Girls can earn a week’s pay, around £30, for sleeping with a soldier, but others charge far less.
At the time, Agnes was trying to support her baby while living with her sister in a single room in the Majengo ghetto.
One soldier says he remembers around 60 other servicemen dancing with around 40 local sex workers the night he went missing.
Nanyuki relies heavily on income from British soldiers based at Nyati Barracks and sex work is very common
A friend waited for Agnes until 3 a.m. but eventually returned home after she failed to return.
A hotel night watchman said he escorted Agnes and a soldier to her room and saw them enter, but they seemed to get along well and he was not worried about her safety.
His disappearance remained a mystery until two months later, when the hotel’s general manager asked staff to investigate a smell in the building.
A maintenance worker opened a manhole and found the body of a woman, naked except for a bra and necklace, lying in filth in a septic tank.
An autopsy revealed that she had been stabbed in the abdomen and chest and there were signs that she had been beaten, but it could not be determined whether she had been sexually assaulted.
A night porter added he heard a ‘fierce fight’ in the hotel room used by the soldier and Agnes, and believed there was more than one soldier in the room at the time -the.
Hotel records identified nine soldiers who had checked in that day, paying between £13 and £20 each, and they all left the following day.
Two of the bedrooms were adjacent to the septic tank where the mother-of-one was found.
Nanyuki has a military base where, under an agreement with Kenya, the UK can send six infantry battalions a year for eight-week exercises.
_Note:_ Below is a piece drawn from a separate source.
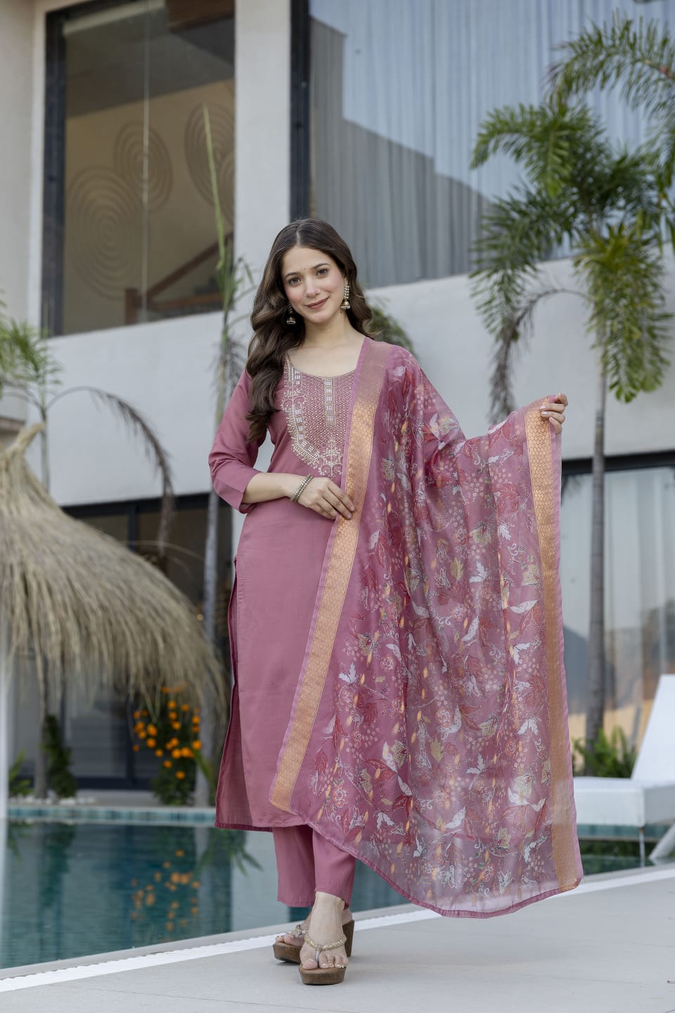 Pure Viscose Chanderi Kurta Set with Sequence Coding Embroidery Work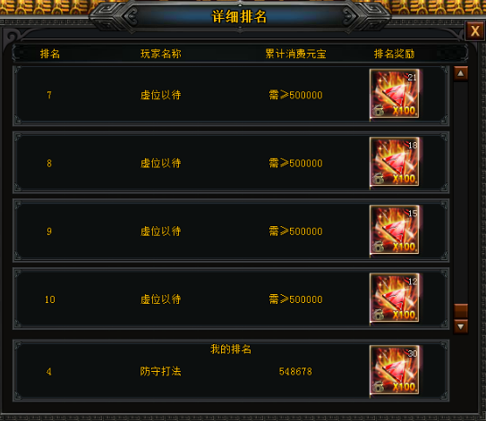 1、活动期间累计消费500000元宝即可参与排名,活动结束前3名玩家获得史诗战魂,4~10名玩家获得战魂碎片奖励!

Pictured: Soldiers on exercise in Nanyuki
But forensics were hampered by the delay in finding her body and the room she was in had been repeatedly cleaned.
A new investigation has been launched and is said to be “concerned” about the original investigation.
It also raises difficult questions for Kenyan and British authorities, who recently struck a £10million-a-year deal allowing 3,000 British troops to continue training at Nanyuki.
The local economy relies heavily on British troops carrying out civil engineering projects and spending money on local businesses.
A MoD spokesperson said: ‘In 2012 the Special Investigation Branch carried out initial investigations in Kenya, including providing information on UK personnel to the Kenya Police.
“No other requests for assistance have been received.” Following the conclusion of a Kenyan investigation in 2019, we know that Kenyan authorities are investigating this incident.
“Jurisdiction for this investigation rests with the Kenyan police, and we are currently in discussions with the Kenyan authorities to determine what support is needed.
“As this is the subject of an ongoing investigation, it would be inappropriate to comment further.”